### What you will do
When copying the data below, keep only the lines from the one with "This research paper" through the one with "揚げ物や麺料理、鍋料理などさ", word for word, and skip the pictures.
The data START
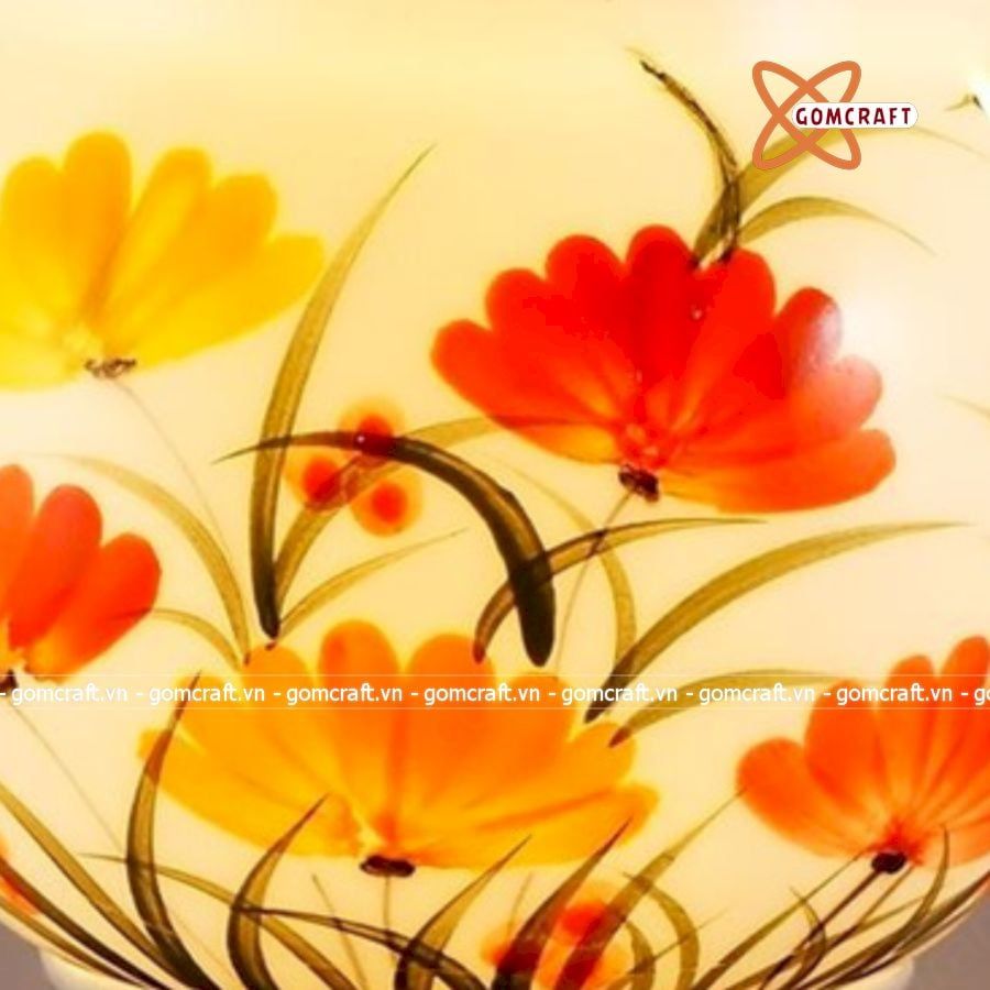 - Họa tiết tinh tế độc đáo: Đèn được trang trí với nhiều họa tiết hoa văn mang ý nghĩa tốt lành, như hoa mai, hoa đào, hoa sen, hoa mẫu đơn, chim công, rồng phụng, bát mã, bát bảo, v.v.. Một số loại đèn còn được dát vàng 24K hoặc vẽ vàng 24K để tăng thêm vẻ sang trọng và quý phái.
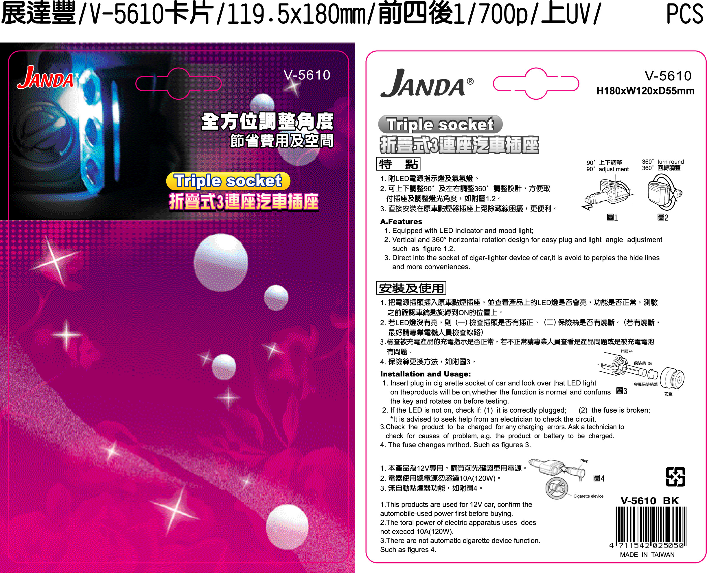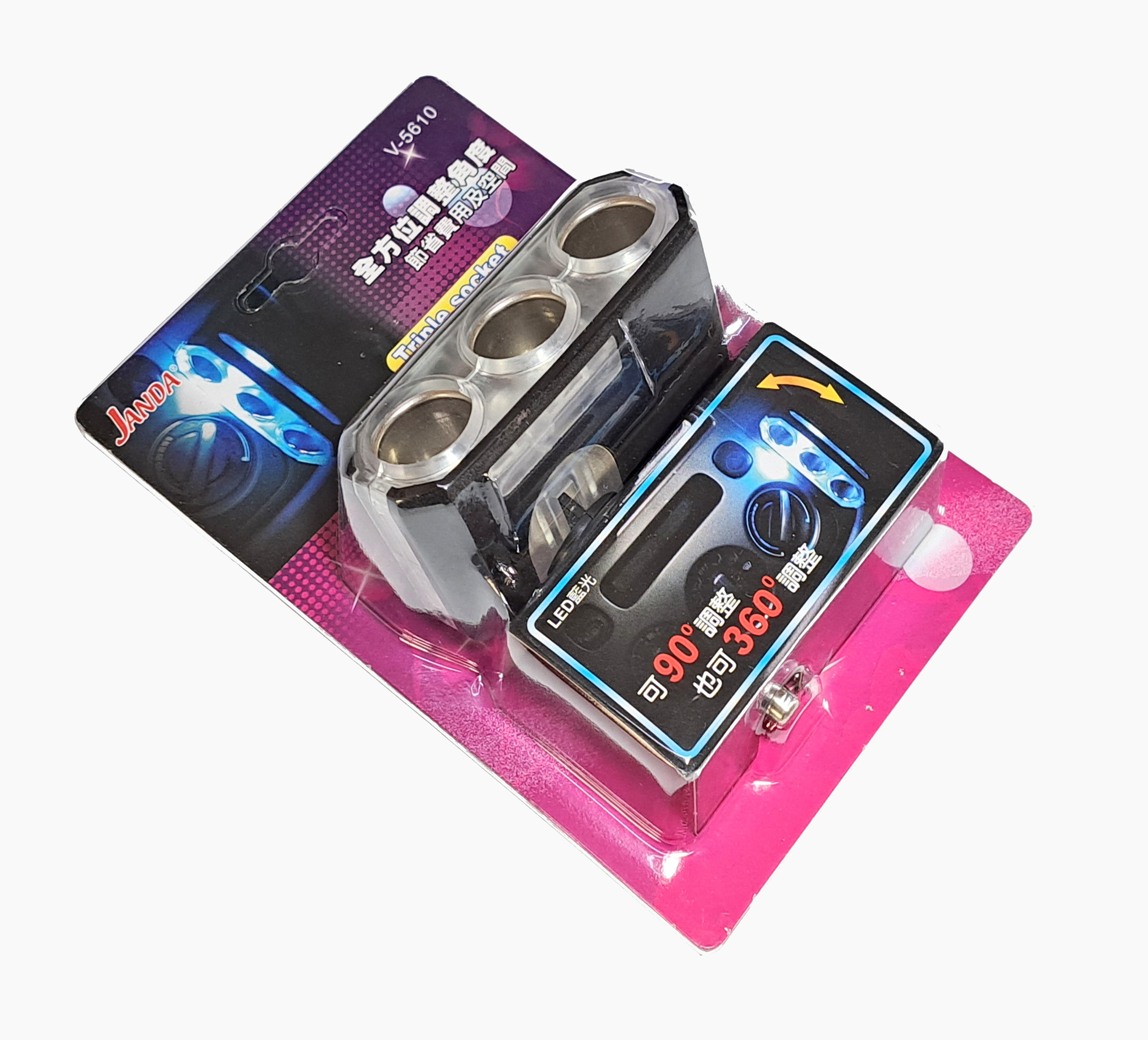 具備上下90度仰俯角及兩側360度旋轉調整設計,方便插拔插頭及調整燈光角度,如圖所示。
The data END
The data START
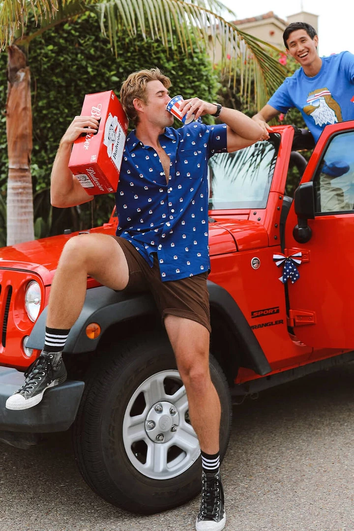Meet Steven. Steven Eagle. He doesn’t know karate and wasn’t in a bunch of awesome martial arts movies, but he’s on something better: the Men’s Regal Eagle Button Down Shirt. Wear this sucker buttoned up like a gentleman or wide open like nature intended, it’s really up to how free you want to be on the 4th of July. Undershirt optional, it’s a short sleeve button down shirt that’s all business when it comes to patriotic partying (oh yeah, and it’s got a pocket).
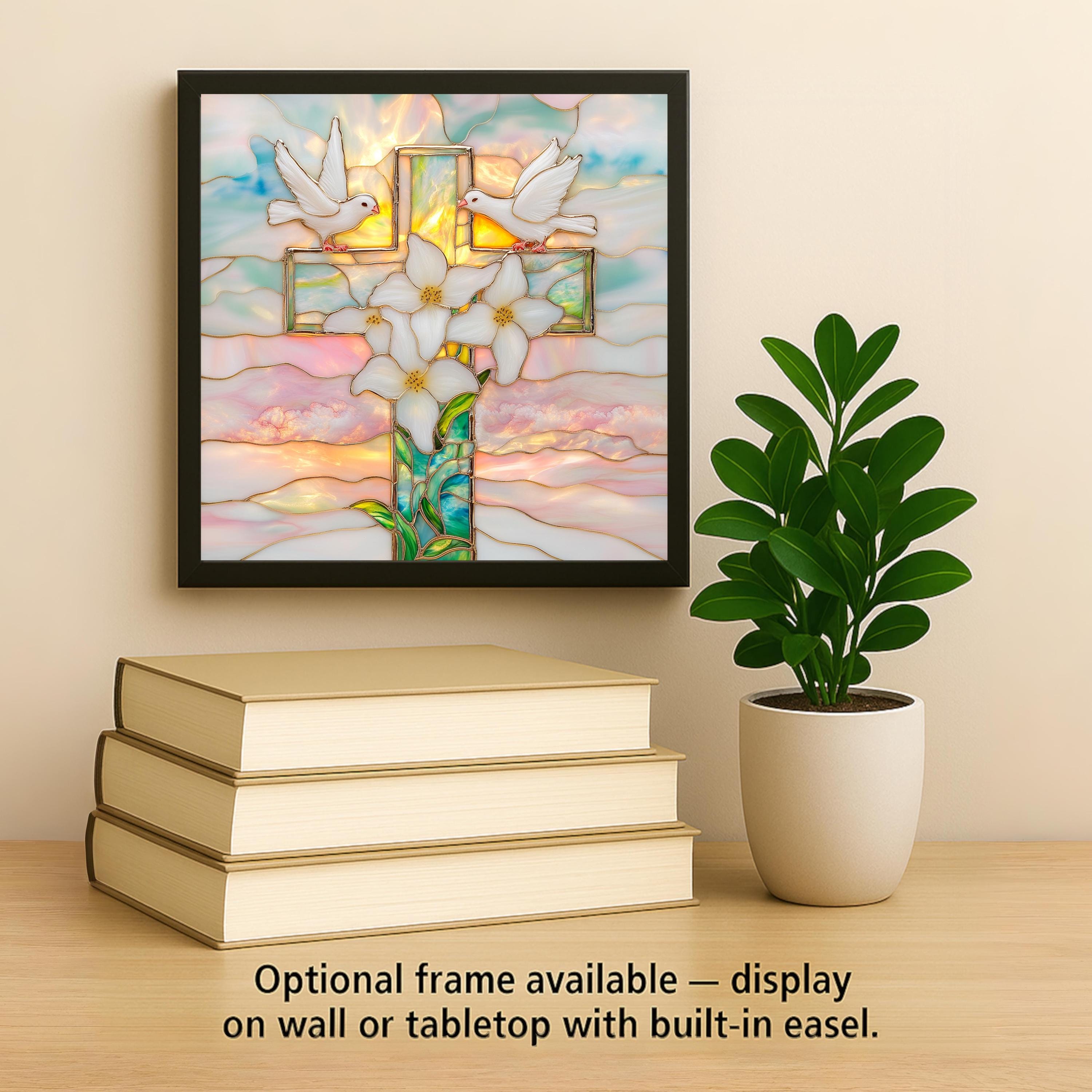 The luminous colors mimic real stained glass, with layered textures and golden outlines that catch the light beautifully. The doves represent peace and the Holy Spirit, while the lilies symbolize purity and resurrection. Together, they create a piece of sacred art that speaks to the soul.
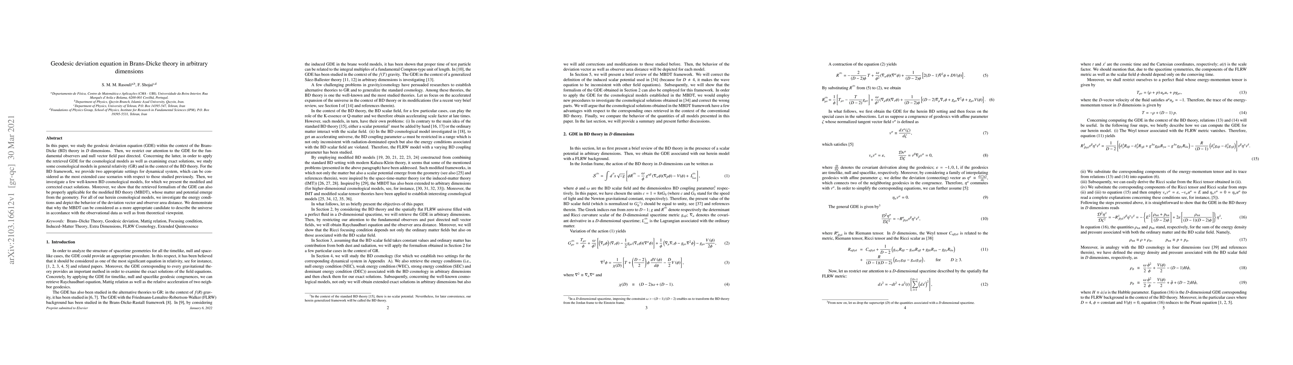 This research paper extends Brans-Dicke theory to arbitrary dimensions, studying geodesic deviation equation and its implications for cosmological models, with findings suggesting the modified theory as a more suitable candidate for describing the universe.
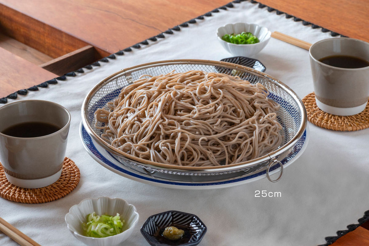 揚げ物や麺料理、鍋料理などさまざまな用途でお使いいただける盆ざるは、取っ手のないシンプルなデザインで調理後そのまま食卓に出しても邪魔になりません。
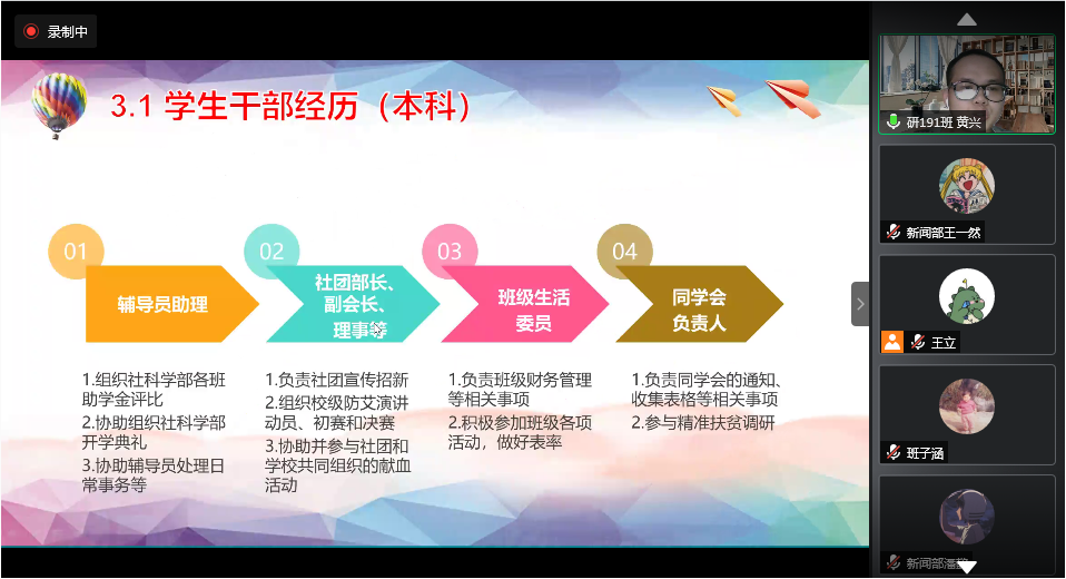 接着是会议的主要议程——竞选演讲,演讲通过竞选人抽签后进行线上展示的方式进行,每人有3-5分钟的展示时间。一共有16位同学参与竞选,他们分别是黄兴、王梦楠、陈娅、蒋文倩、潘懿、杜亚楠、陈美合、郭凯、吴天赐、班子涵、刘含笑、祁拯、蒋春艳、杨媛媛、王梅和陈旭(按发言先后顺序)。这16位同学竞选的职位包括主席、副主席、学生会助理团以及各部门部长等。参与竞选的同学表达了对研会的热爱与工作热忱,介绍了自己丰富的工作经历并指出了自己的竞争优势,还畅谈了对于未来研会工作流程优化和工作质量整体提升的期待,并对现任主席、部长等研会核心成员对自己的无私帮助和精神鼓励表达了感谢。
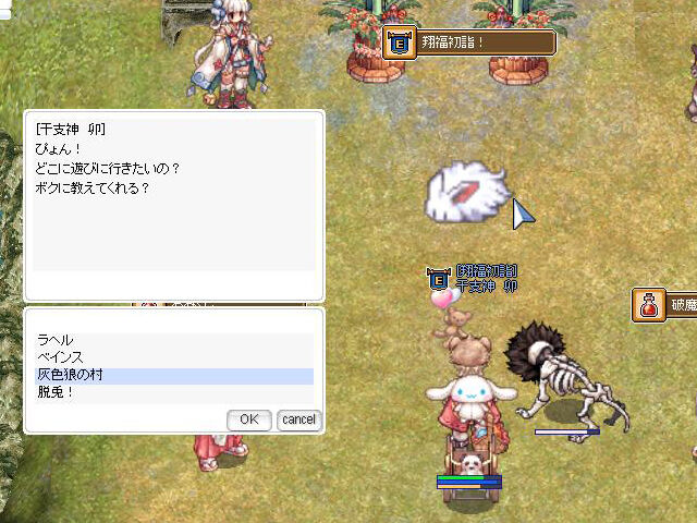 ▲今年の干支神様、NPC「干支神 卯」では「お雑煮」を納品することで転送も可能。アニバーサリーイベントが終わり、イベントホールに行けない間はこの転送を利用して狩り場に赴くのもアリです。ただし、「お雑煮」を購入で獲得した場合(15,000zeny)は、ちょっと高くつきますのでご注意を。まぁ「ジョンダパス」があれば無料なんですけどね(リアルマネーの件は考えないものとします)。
The data END
### Response area
 This research paper extends Brans-Dicke theory to arbitrary dimensions, studying geodesic deviation equation and its implications for cosmological models, with findings suggesting the modified theory as a more suitable candidate for describing the universe.
 揚げ物や麺料理、鍋料理などさまざまな用途でお使いいただける盆ざるは、取っ手のないシンプルなデザインで調理後そのまま食卓に出しても邪魔になりません。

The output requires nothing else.